Ателье опустело и погрузилось в полуденную спячку, клиенты разошлись. Пора зарабатывать деньги, утешать жен и любовниц, заключать новые сделки, ставить на лошадей, собирать сплетни. Марта тоже исчезла. Наверное, занимается. Сидит, зарывшись в свои книги. Пендель вернулся в раскроечную, включил Стравинского, убрал со стола оберточную бумагу, куски ткани, мелки и ножницы. Открыл свою портновскую книгу на последних страницах, там, где начал вести шифрованные записи. И напрочь забыл о выходке друга, просто не позволял себе больше думать об этом. Муза звала.
Затем вырвал из чековой книжки на пружинке листок разлинованной бумаги, украшенный почти королевской эмблемой дома «Пендель и Брейтвейт». Ниже каллиграфическим почерком Пенделя был выписан счет на имя мистера Эндрю Оснарда, на сумму в две с половиной тысячи долларов и на его домашний адрес в Пайтилла. Пендель разложил чековую книжку на ровной и твердой поверхности стола. Затем взял старую ручку, приписываемую легендой самому Брейтвейту, и архаичным почерком, который он долго вырабатывал, поскольку именно такой был принят в портняжной среде, дописал чуть ниже несколько слов: «постарайтесь оплатить безотлагательно, буду очень обязан», что на условном языке означало, что в чеке кроется нечто большее, чем просто просьба о деньгах. Затем из папки в среднем ящике стола он извлек лист чистой белой бумаги без всяких там водяных знаков (Оснард дал ему целую пачку) и принюхался к ней. Так он делал всегда. Она не пахла ничем. Ну, разве что совсем чуть-чуть, тюремным дезинфектантом.
Ты просто окружен всякими волшебными веществами, Гарри. Чего стоит, к примеру, копирка для одноразового использования.
А что ты делаешь, когда получаешь такой листок?
Проявляю его, дубина, что ж еще, по-твоему?
Где, Энди? И как?
Занимайся своим делом и не морочь голову. В ванной. И заткнись наконец, надоел.

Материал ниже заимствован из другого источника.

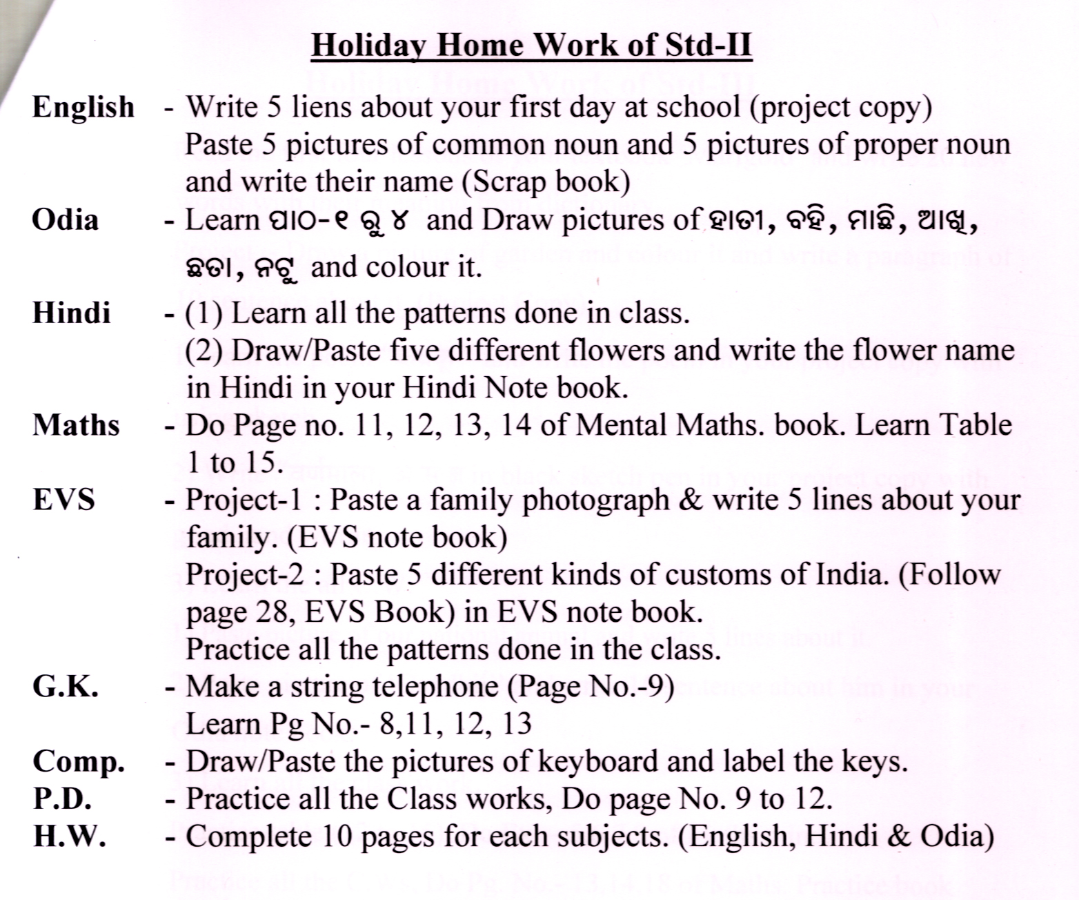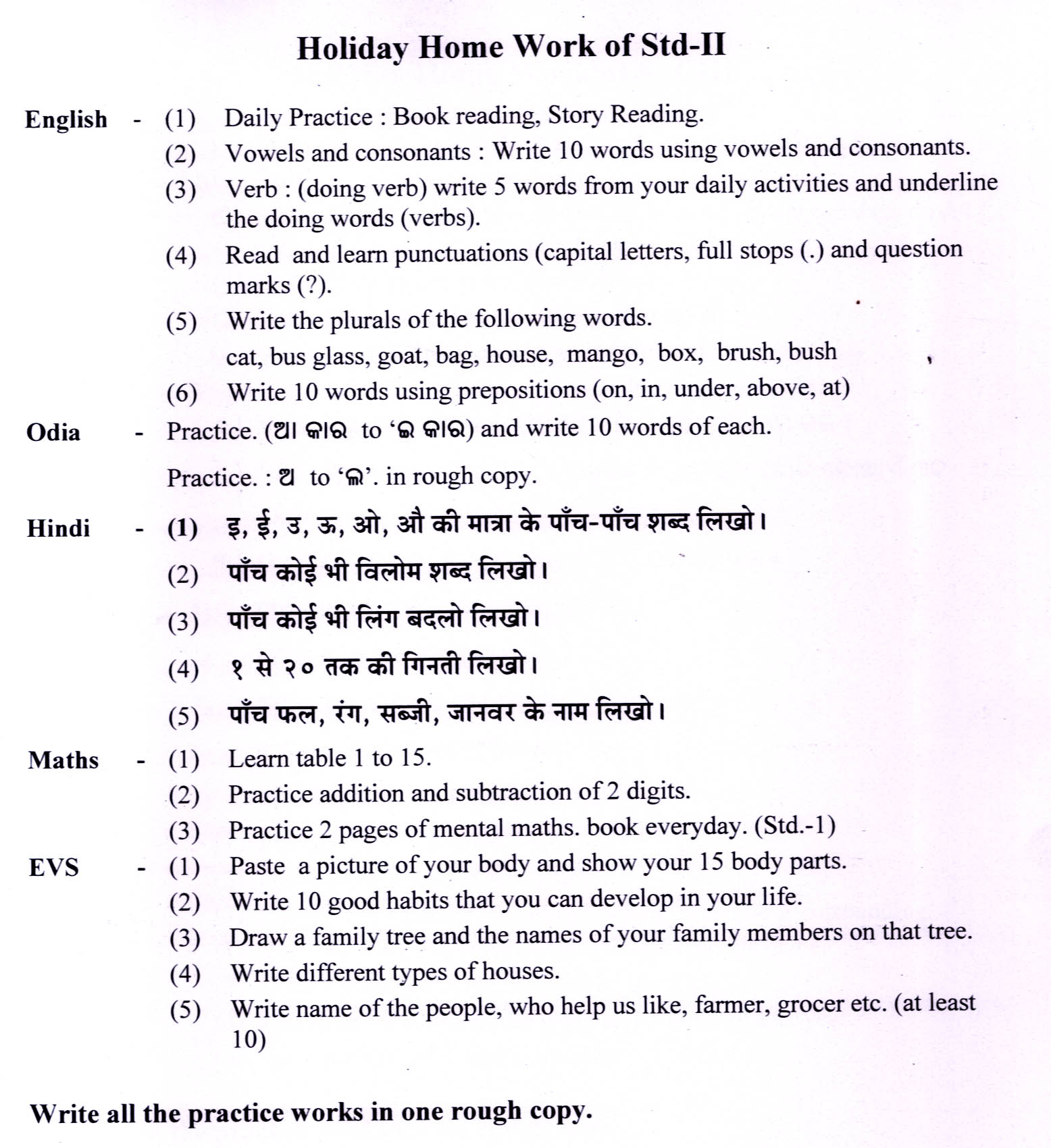 HOLIDAY HOMEWORK OF STD-2 (2019-20)
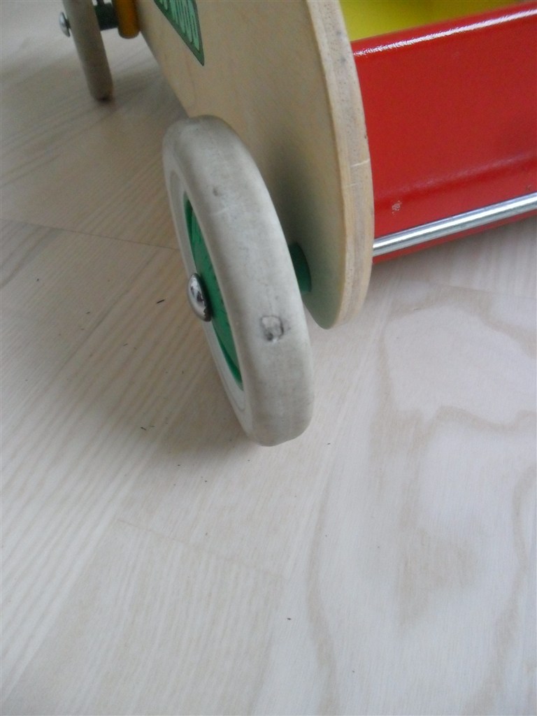 8+9: Bellino gåvogn; misfarvning på hjul kan skrubbes af! De er to mærker som vist på billede på alle hjul....

Осторожно наложив копирку на счет, он достал из ящика сверхтвердый карандаш «2Н», тоже подаренный Энди, и начал писать под звучные аккорды Стравинского. До тех пор, пока Стравинский вдруг не стал раздражать его, и он выключил проигрыватель. У дьявола всегда самые сладкие песни, говорила тетушка Рут. Он поставил Баха, но вдруг вспомнил, что Луиза просто обожает Баха, и, снова выключив проигрыватель, работал в благословенной тишине, что было вовсе для него нехарактерно. Выводил слово за словом, приподняв от усердия брови и высунув кончик языка. Мики был забыт, беглость снова взыграла в нем. Он писал и прислушивался, не раздадутся ли за дверью подозрительные шаги или шорох. И постоянно сверялся с иероглифами в портновской книге. Изобретал и обобщал. Организовывал, усовершенствовал. Придавал черты правдоподобности. Искажал факты. Выстраивал порядок из хаоса. Ему так много надо успеть сказать. А времени так мало. Японцы за каждым углом. Китайцы с континента их подстрекают… Пендель парил в небесах. То взлетал на самые вершины, то опускался на дно. То он гений, то раб своего болезненного воображения, то повелитель своего царства, то принц и лакей в одном лице. И черная кошка всегда рядом. И французы, как всегда, участники заговора. Да это настоящий динамит, Гарри, мальчик! Власть гнева, вот он нагнетается, набухает, затем находит выход, и происходит взрыв. И освобождение. Он царь и властелин всего земного, он доказательство величия божьего замысла. Греховное головокружение творца и созидателя, занятого расхищением, воровством, искажением, изобретением. И все это дело рук и мысли всего лишь одного, доведенного до крайности и разгневанного мужчины, жаждущего искупить свою вину. И рядом постоянно бьет хвостом кошка. Так, сменить копирку, смять в комок использованную, выбросить в корзину. Перезарядить и продолжать палить из всех орудий. Вырывать страницу за страницей из портновской книги — и в огонь их, в огонь!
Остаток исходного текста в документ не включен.